Autoimmune pancreatitis, also called AIP, is a chronic inflammation that is thought to be caused by the body's immune system attacking the pancreas and that responds to steroid therapy. Two subtypes of AIP are now recognized, type 1 and type 2.
Type 1 AIP is also called IgG4-related pancreatitis and is part of a disease called IgG4-related disease (IgG4-RD) that often affects multiple organs including the pancreas, bile ducts in the liver, salivary glands, kidneys and lymph nodes.
Type 2 AIP seems to affect only the pancreas, although about one-third of people with type 2 AIP have associated inflammatory bowel disease.
Both subtypes of autoimmune pancreatitis are treated with steroids, which in many people dramatically improve the condition.
Autoimmune pancreatitis is a rare, newly recognized disease and can be mistakenly diagnosed as pancreatic cancer. Both conditions have similar signs and symptoms, but very different treatments, so it is very important to distinguish one from another.
Autoimmune pancreatitis (AIP) is difficult to diagnose. Often, it doesn't cause any symptoms. When it does, its symptoms and signs are very similar to those of pancreatic cancer.
Pancreatic cancer symptoms can include:
- Dark urine
- Pale stools or stools that float in the toilet
- Yellow skin and eyes (jaundice)
- Pain in your upper abdomen or middle part of your back
- Nausea and vomiting
- Weakness or extreme tiredness
- Loss of appetite or feelings of fullness
- Weight loss for no known reason
The most common sign of autoimmune pancreatitis, present in about 80 percent of people, is painless jaundice, caused by blocked bile ducts. AIP can also cause weight loss. Many people with autoimmune pancreatitis have masses in the pancreas and other organs, which can be misdiagnosed as cancer.
The two types of AIP occur with different frequency in different parts of the world. In the United States, about 80 percent of people with autoimmune pancreatitis have type 1.
People with type 1 autoimmune pancreatitis often:
- Are over age 60
- Are male
- Have multiple organ involvement including the bile ducts (IgG4-related sclerosing cholangitis), the salivary glands (IgG-related sialadenitis), or the lungs (IgG4-related pulmonary disease)
- Have retroperitoneal fibrosis (RPF), which is the formation of extra fibrous tissue in the area behind the stomach and intestine
- Have lymph node enlargement (lymphadenopathy), low thyroid (hypothyroidism) or kidney disease
People with type 2 autoimmune pancreatitis:
- Are often over age 40 (one or two decades younger than those with type 1)

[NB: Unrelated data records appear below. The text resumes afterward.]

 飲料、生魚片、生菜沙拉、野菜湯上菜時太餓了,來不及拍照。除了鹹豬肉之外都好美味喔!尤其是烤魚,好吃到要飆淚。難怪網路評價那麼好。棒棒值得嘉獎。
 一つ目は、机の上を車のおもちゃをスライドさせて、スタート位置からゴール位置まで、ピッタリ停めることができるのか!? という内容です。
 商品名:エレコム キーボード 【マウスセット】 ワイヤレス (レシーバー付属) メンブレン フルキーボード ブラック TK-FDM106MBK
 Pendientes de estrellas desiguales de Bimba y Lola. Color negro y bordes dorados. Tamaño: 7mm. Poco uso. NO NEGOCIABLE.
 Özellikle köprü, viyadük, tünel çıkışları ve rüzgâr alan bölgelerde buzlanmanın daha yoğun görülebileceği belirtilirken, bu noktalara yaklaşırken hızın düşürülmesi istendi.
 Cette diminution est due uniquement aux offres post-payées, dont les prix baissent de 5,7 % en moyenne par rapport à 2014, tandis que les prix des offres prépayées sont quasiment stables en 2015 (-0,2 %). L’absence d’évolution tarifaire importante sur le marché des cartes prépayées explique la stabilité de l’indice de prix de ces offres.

- Are as likely to be female as male
- Have a 30 percent chance of having inflammatory bowel disease, such as ulcerative colitis
When to see a doctor
Autoimmune pancreatitis often doesn't cause any symptoms. See your doctor, however, if you experience unexplained weight loss, abdominal pain, jaundice, or other signs and symptoms that bother you.

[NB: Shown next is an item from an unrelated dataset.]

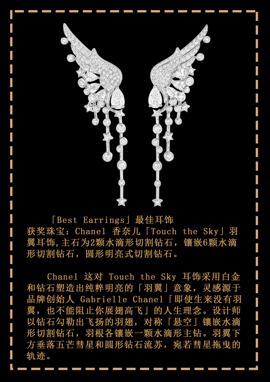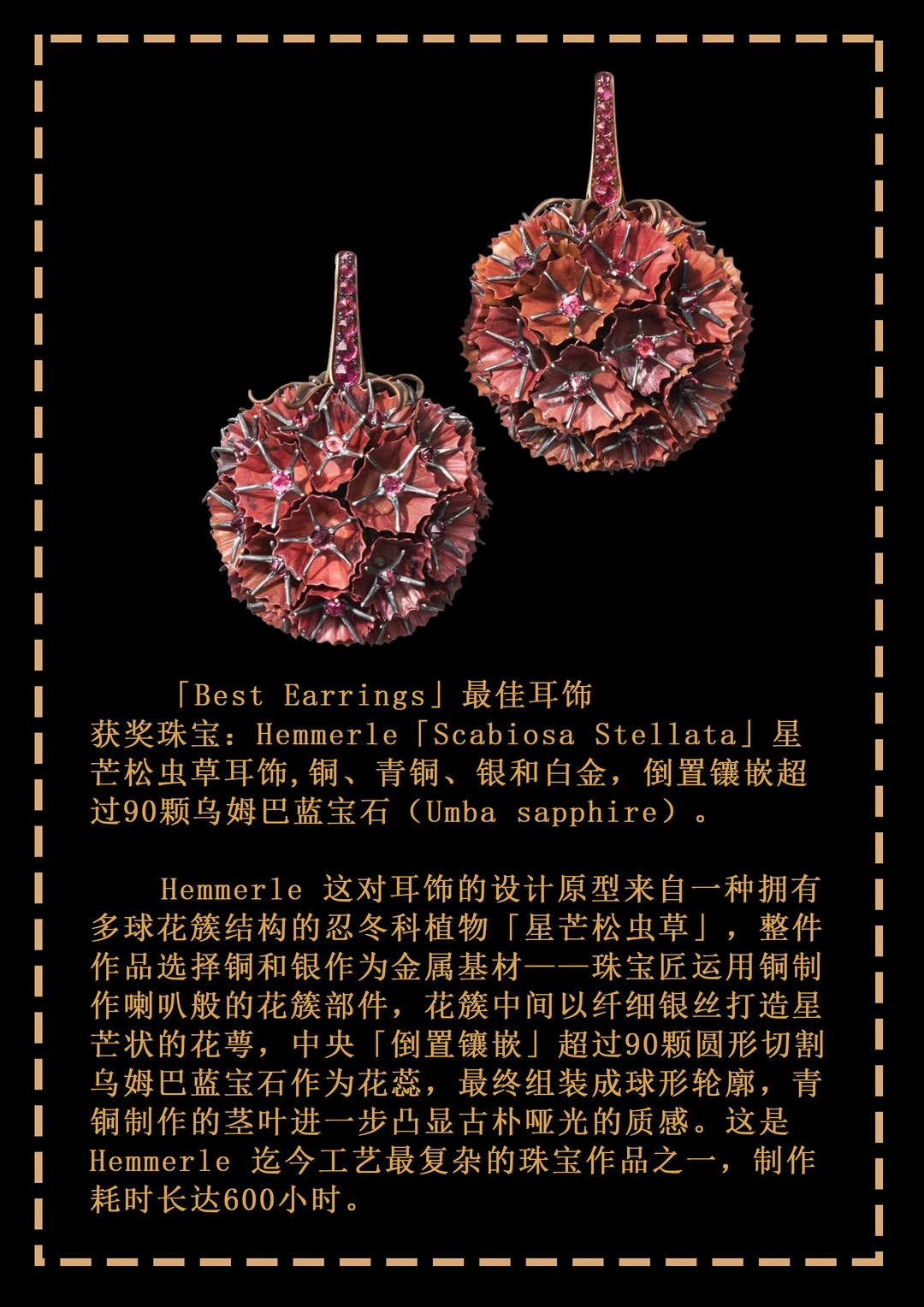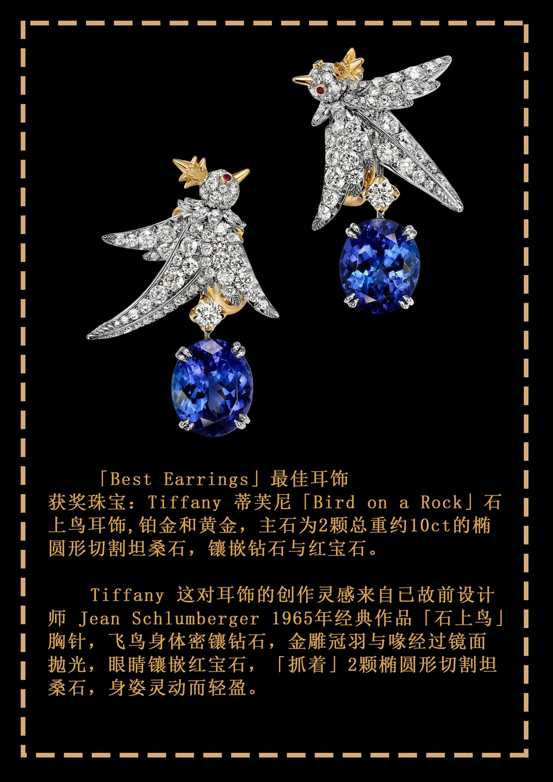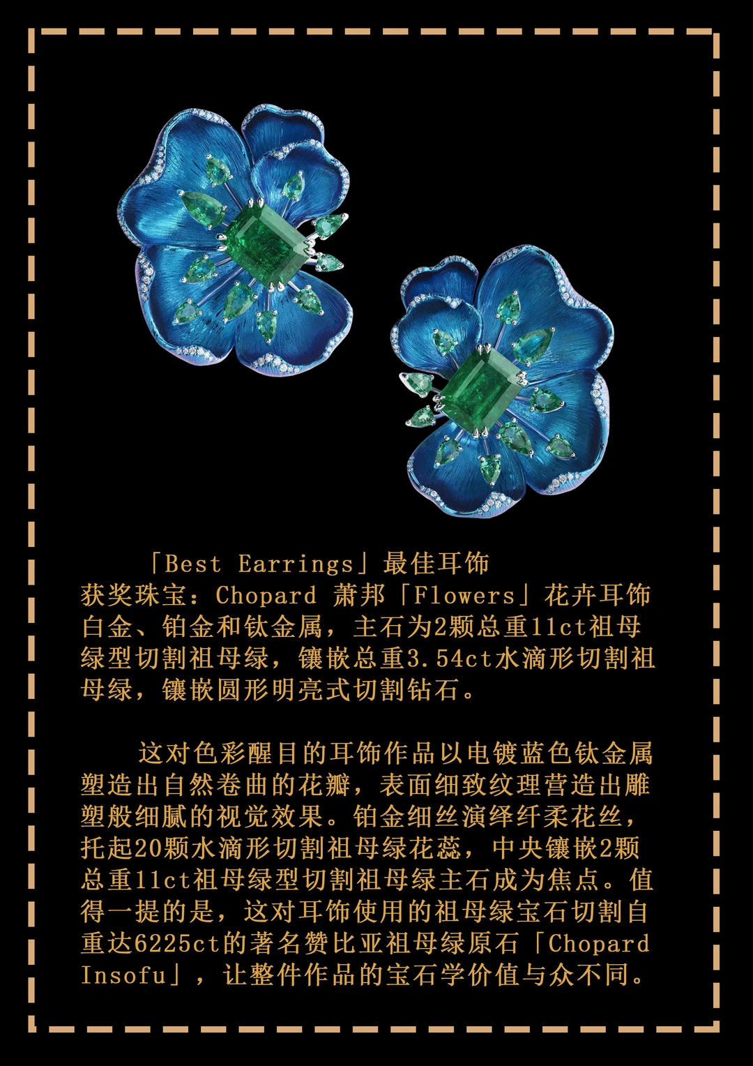 本年度脱颖而出的最佳耳饰作品以别具一格的创意打动人心——Chopard 选用电镀蓝色钛金属塑造出一对立体绽放的花卉,花蕊镶嵌的祖母绿主石来自重达6225ct的著名赞比亚祖母绿原石「Chopard Insofu」;德国珠宝商 Hemmerle 选择铜和银作为金属基材,镶嵌极为罕见的乌姆巴蓝宝石作为花蕊,是其迄今最复杂的作品之一;Tiffany 则将经典石上鸟设计融入耳饰作品,让2只可爱的钻石鸟在你耳畔飞翔。

Doctors don't know what causes autoimmune pancreatitis, but as in other autoimmune diseases, the body's immune system attacks healthy body tissue.

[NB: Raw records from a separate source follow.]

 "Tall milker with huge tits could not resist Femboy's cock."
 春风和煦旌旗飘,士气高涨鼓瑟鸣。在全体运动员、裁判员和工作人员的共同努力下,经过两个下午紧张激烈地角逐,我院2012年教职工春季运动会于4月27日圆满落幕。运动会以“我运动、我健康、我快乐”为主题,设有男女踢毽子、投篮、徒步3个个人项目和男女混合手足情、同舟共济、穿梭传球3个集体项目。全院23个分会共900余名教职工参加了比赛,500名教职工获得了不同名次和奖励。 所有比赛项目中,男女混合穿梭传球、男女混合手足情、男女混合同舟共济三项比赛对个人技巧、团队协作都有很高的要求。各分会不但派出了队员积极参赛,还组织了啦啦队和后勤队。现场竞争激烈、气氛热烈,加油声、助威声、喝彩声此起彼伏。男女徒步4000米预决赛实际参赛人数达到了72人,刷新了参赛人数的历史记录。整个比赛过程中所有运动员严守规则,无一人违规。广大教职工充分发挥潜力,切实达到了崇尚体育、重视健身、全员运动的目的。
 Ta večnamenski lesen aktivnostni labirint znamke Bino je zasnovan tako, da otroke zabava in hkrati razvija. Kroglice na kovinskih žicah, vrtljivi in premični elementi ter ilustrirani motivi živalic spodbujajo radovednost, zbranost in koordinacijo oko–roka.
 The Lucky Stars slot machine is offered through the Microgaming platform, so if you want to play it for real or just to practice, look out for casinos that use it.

Autoimmune pancreatitis can cause a variety of complications.
- Pancreatic insufficiency. AIP may affect the ability of your pancreas to make enough enzymes. Signs and symptoms may include diarrhea, weight loss, metabolic bone disease, and vitamin or mineral deficiency.
- Diabetes. Because the pancreas is the organ that produces insulin, damage to it may cause diabetes, and you may need treatment with oral medication or insulin.
- Pancreatic calcifications or stones.
Treatments for autoimmune pancreatitis, such as long-term steroid use, also can cause complications. However, even with these complications, people who are treated for autoimmune pancreatitis have a normal life expectancy.
There is no established association between AIP and pancreatic cancer.